In deze zaak heeft een zorgverzekeraar, VGZ Zorgverzekeraar N.V., gedurende zeven jaar de zorgverzekeringspremie van de meerderjarige dochter van eiseres, [eiseres01], van de bankrekening van de moeder afgeschreven. Eiseres, een 76-jarige vrouw van Marokkaanse afkomst, vordert de terugbetaling van deze bedragen, stellende dat er geen rechtsgrond was voor de afschrijvingen, aangezien zij nooit toestemming heeft gegeven voor deze betalingen. De dochter, [naam02], is op 22 juli 2019 overleden, en na haar overlijden ontdekte de zoon van eiseres dat de premies nog steeds werden afgeschreven.
VGZ betwist de vordering en stelt dat er op 1 november 2009 een machtiging tot automatische incasso is afgegeven door [naam02], die als verzekeringsnemer verplicht was om premie te betalen. VGZ voert aan dat het gebruikelijk is dat een derde, zoals een ouder, de premie voor een verzekeringsnemer betaalt en dat zij niet verplicht zijn om te controleren of de rekeninghouder akkoord is met de machtiging. De kantonrechter heeft de argumenten van beide partijen gehoord tijdens een mondelinge behandeling op 19 september 2022.
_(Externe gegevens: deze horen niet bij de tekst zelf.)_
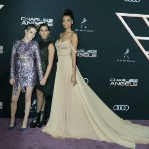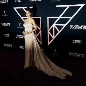 Y ahora damas y caballeros, para el final ... ¡Tengo algunas fotos que nos muestran lo sexy que es la señorita Ella Balinska! ¡Llevaba un vestido largo dorado que tiene el escote más grande que jamás haya visto! Esto fue en el estreno de 'Los ángeles de Charlie' de Columbia Pictures en el Westwood Regency Theatre de Los Ángeles. ¡Su figura se ve genial y sus tetas son demasiado jugosas para resistirse! ¡Sigue desplazándote hacia abajo y disfruta!
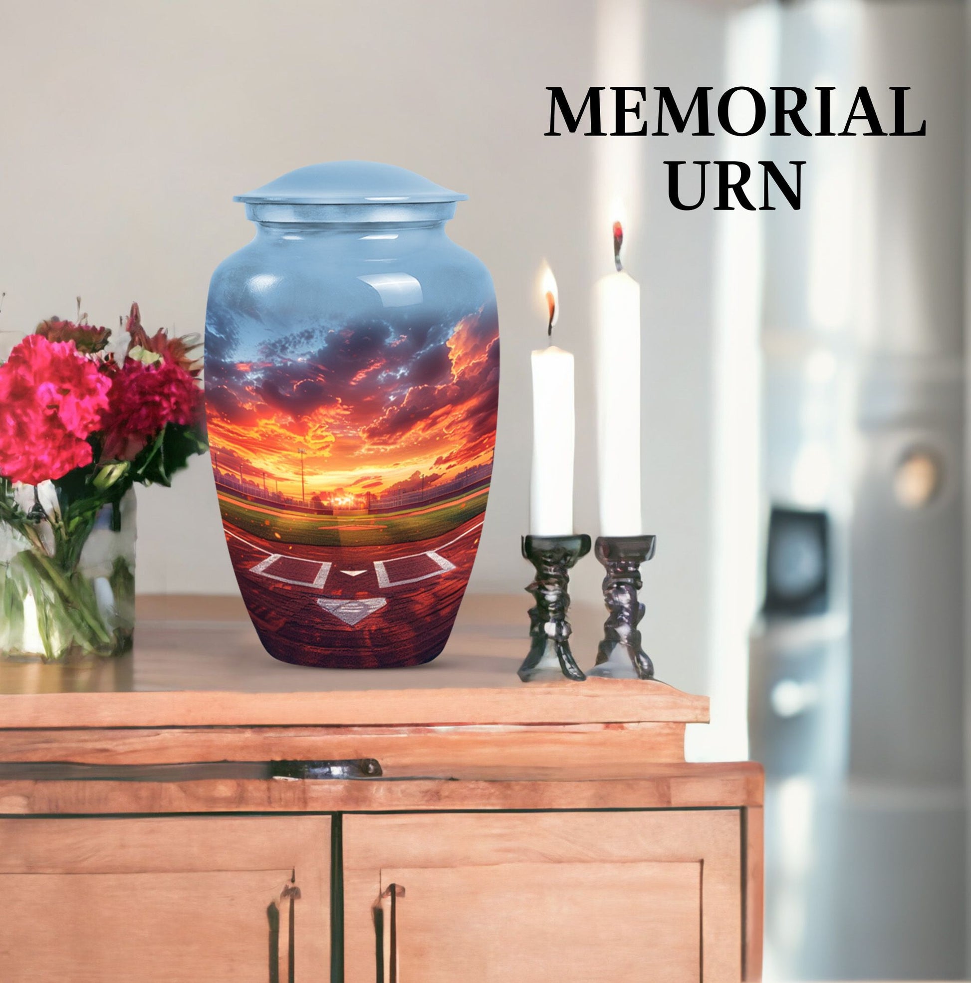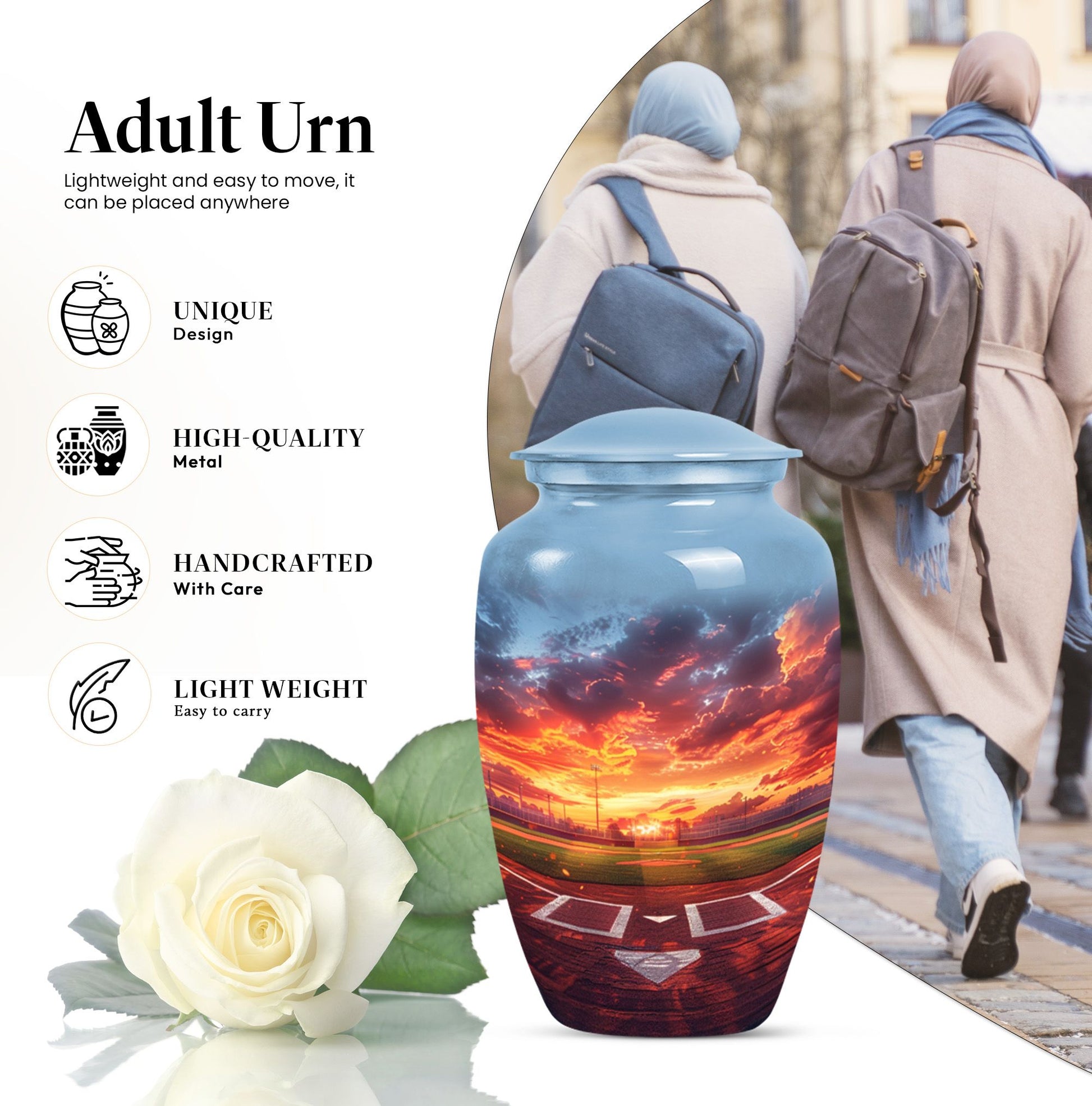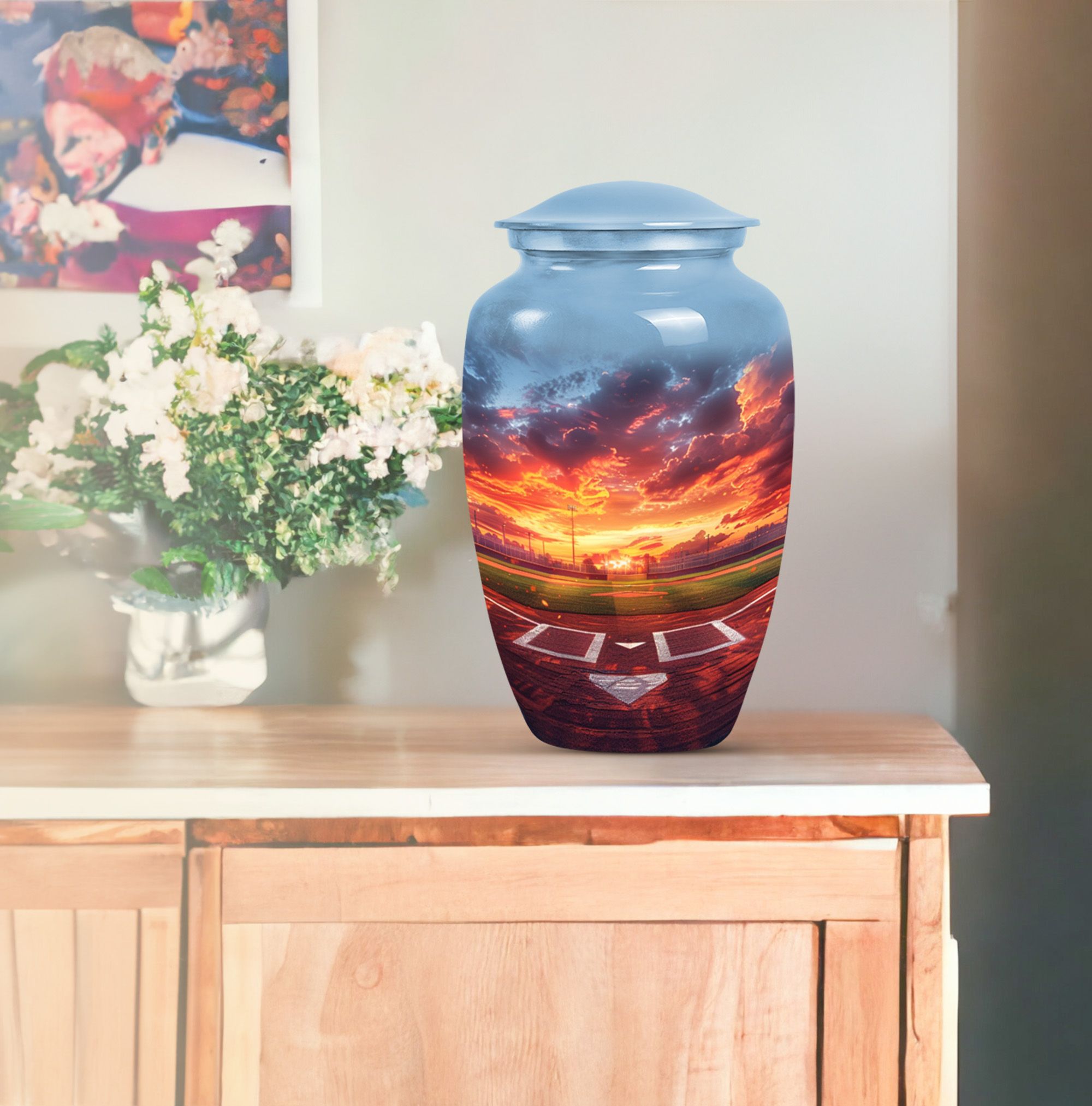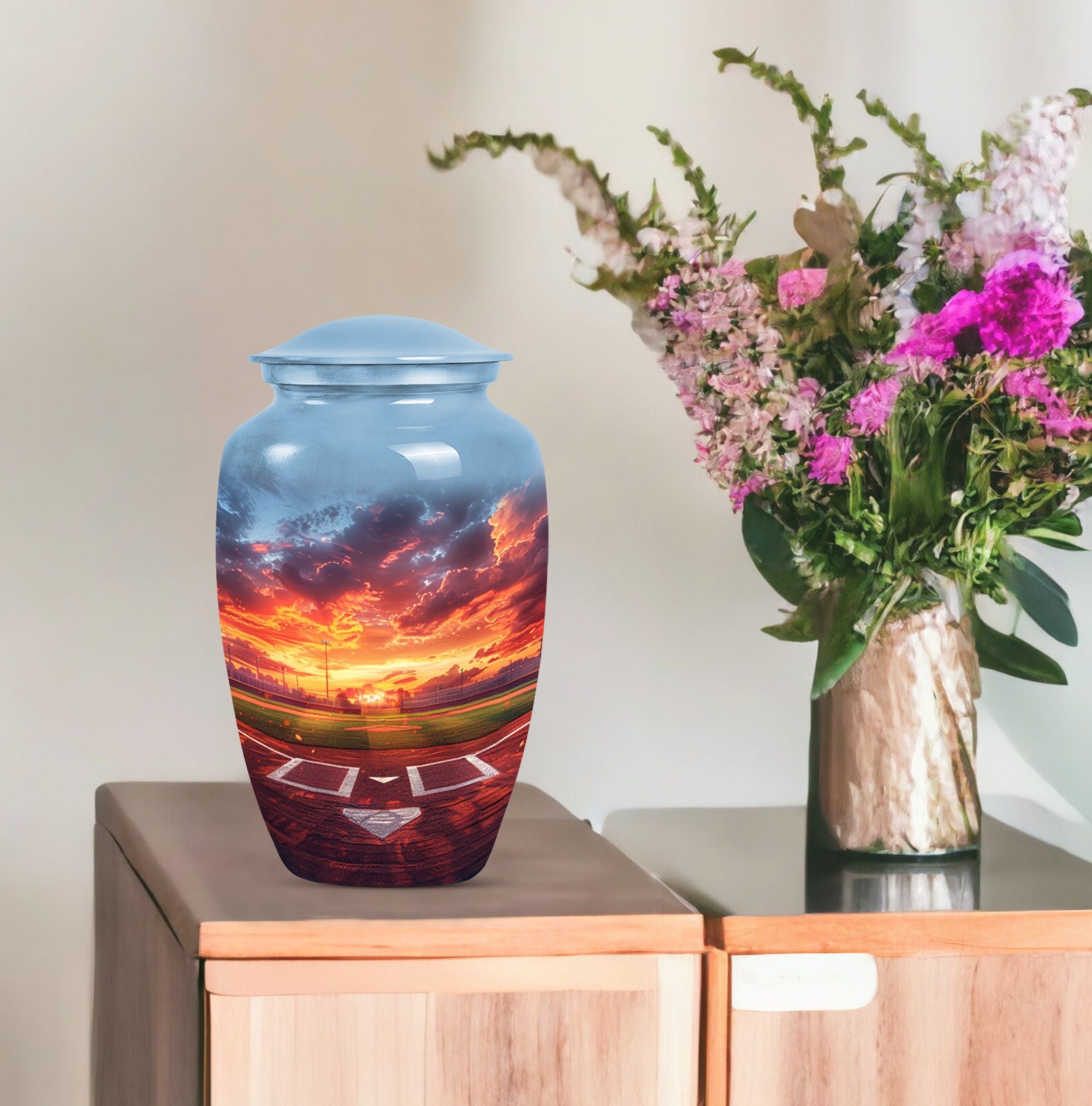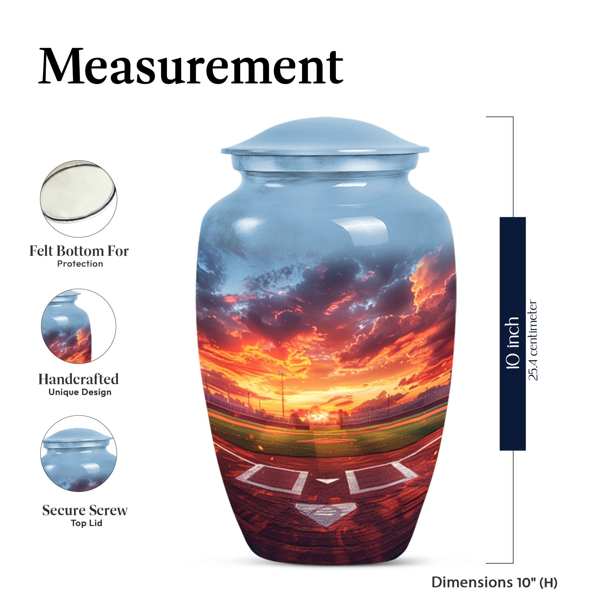 Cherish the memories of your loved ones with our high-quality 10 Inch Butterfly Theme Baseball Urn. Beautifully crafted from durable aluminium, this large urn weighs 3.3 pounds and stands 10 inches tall, making it a sturdy and lasting memorial piece. Its 200 cubic inch capacity can gracefully hold the ashes of an adult. This burial funeral urn is not just another cremation box, it tells a story of remembrance and reverence. It comes with a velvet pouch, adding an extra layer of protection and making the containment of ashes a hassle-free process. This urn can be personalized with engraved names, making each piece unique and intimate to the departed soul. While commonly used as memorial urns for women, our urns are suitable for everyone. Adding our product to your memorial ceremony supplies provides a dignified and respectable rest for the ashes of your loved one. Note: The design aspect of this product cannot be overstated as it is inherent in the 'Classic Urn' style.

De kantonrechter oordeelt dat VGZ niet kan worden tegengeworpen dat [naam02] geen toereikende volmacht had om de incasso te regelen, omdat VGZ op basis van de omstandigheden mocht aannemen dat er een geldige machtiging was. De rechter concludeert dat er een rechtsgrond was voor de betalingen, namelijk de nakoming van de zorgverzekeringsovereenkomst, en wijst de vordering van eiseres af. Eiseres wordt veroordeeld in de proceskosten, die zijn vastgesteld op € 622,-.